# Seeking friendly insight into job market in Dubai...



## seshsh (Jul 28, 2008)

I was hoping someone can help me shed some light on applying for work in Dubai. I'm an American currently residing and working in Florida and I've been applying to jobs in Dubai primarily through online sites. Unfortunately I haven't heard one single response back and have not managed to secure one interview yet. I've developed some excellent qualificiations and a proven track record, so I'm a bit surprised at the lack of response. I've applied through MANY of the jobs sites (gulftalent, marketingjobsindubai, monstergulf), directly through companies (google, GM and HP) and even tried to contact and work with recruiters and headhunters...but nothing! 

I'm a 32 year old American male working as a Director of Marketing for a large Fortune 500 conglomerate. I have a Masters Degree in Business Administration and over 9 years of work experience in the Marketing and Advertising fields. I also speak both Arabic and English and I'm familiar with the region and culture. 

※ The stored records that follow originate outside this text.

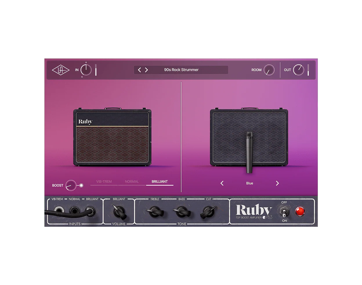 The UAD Ruby ‘63 plug-in gives you the inspiring, album‑ready tone of an expertly miked “golden unit” Top Boost amp, within seconds. Based on the award-winning UAFX pedal, you get all the controls that make this amp a must-have for recording pop, rock, metal, country, and more.
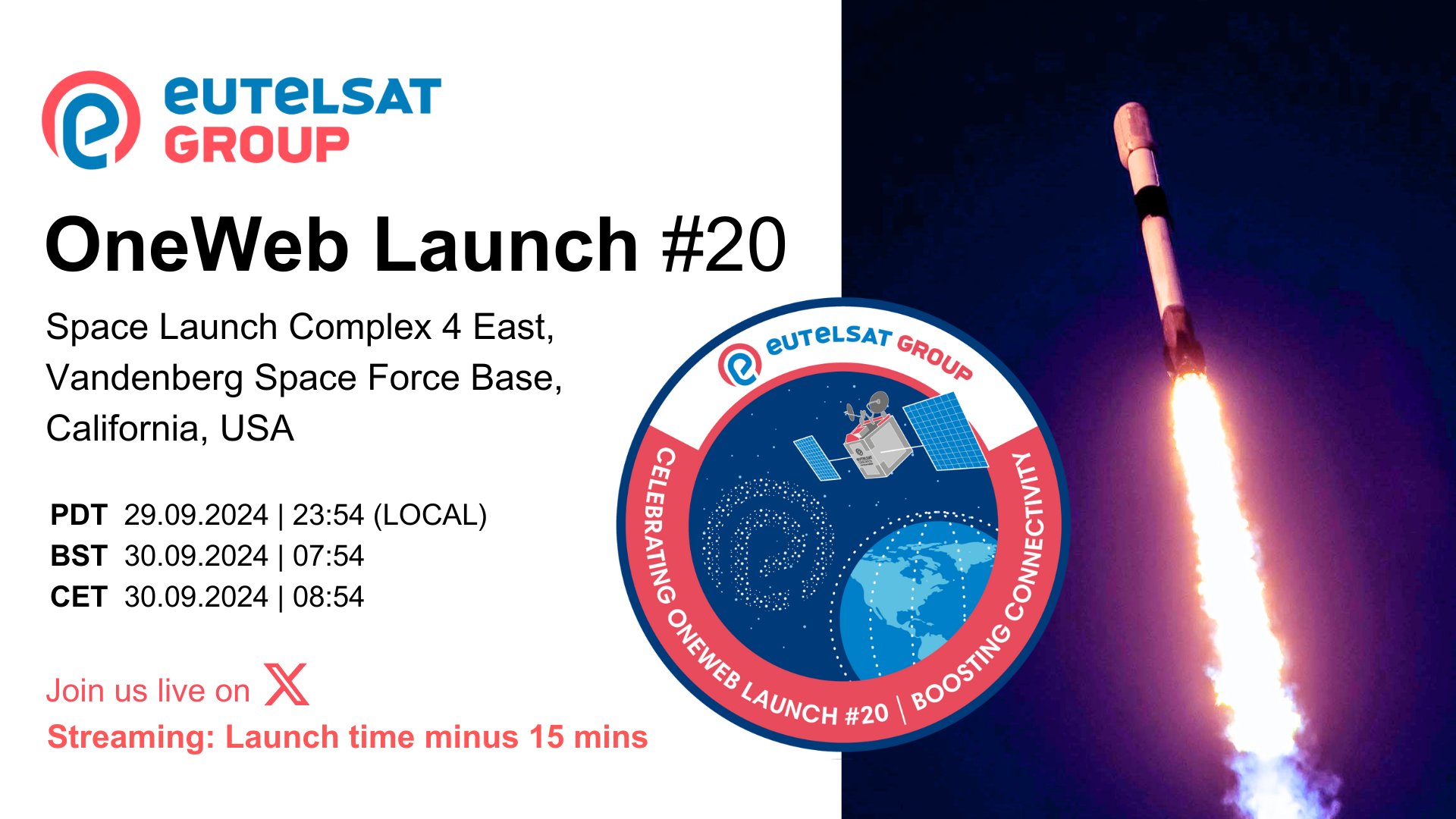 We are set to launch 20 OneWeb LEO satellites with @SpaceX no earlier than Sunday 29 September, from Vandenberg Space Force Base in California.
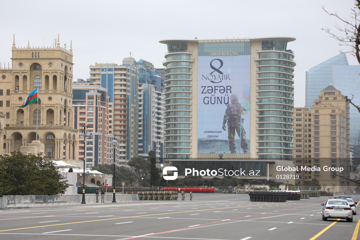 Bakıda noyabrın 8-də Zəfər Gününün 5-ci ildönümünə həsr olunmuş hərbi paradın baş məşqi keçirilib. Məşqə paradda iştirak edəcək Azərbaycan Ordusunun şəxsi heyəti, hərbi texnikası cəlb olunub. Hazırlıq məşqləri zamanı aviasiya vasitələrinin uçuşları, avtomobil və döyüş texnikalarının, həmçinin gəmilərin müəyyən edilmiş marşrutlar üzrə hərəkəti və yerdəyişməsi icra olunur.
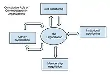 The model of communication as constitutive of organizations has origins in the linguistic approach to organizational communication taken in the 1980s.[4] Theorists such as Karl E. Weick[5] were among the first to posit that organizations were not static but inherently comprised by a dynamic process of communicating.
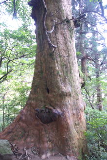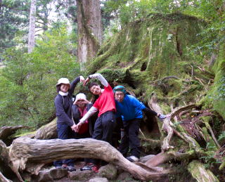 | 屋久島らしい巨大な杉に囲まれて マイナスイオンもいっぱい浴びてまーす! |

When I visited Dubai, most people encouraged me and told me to apply for work here, and almost everyone made it sound like it would be very easy, given my qualifications. Am I doing anything wrong? Does the process just take time? Are there special recruiters that only specialize in the U.S. as a region? Any direction, or help would be greatly appreciated.


----------



## Maz25 (Jul 6, 2008)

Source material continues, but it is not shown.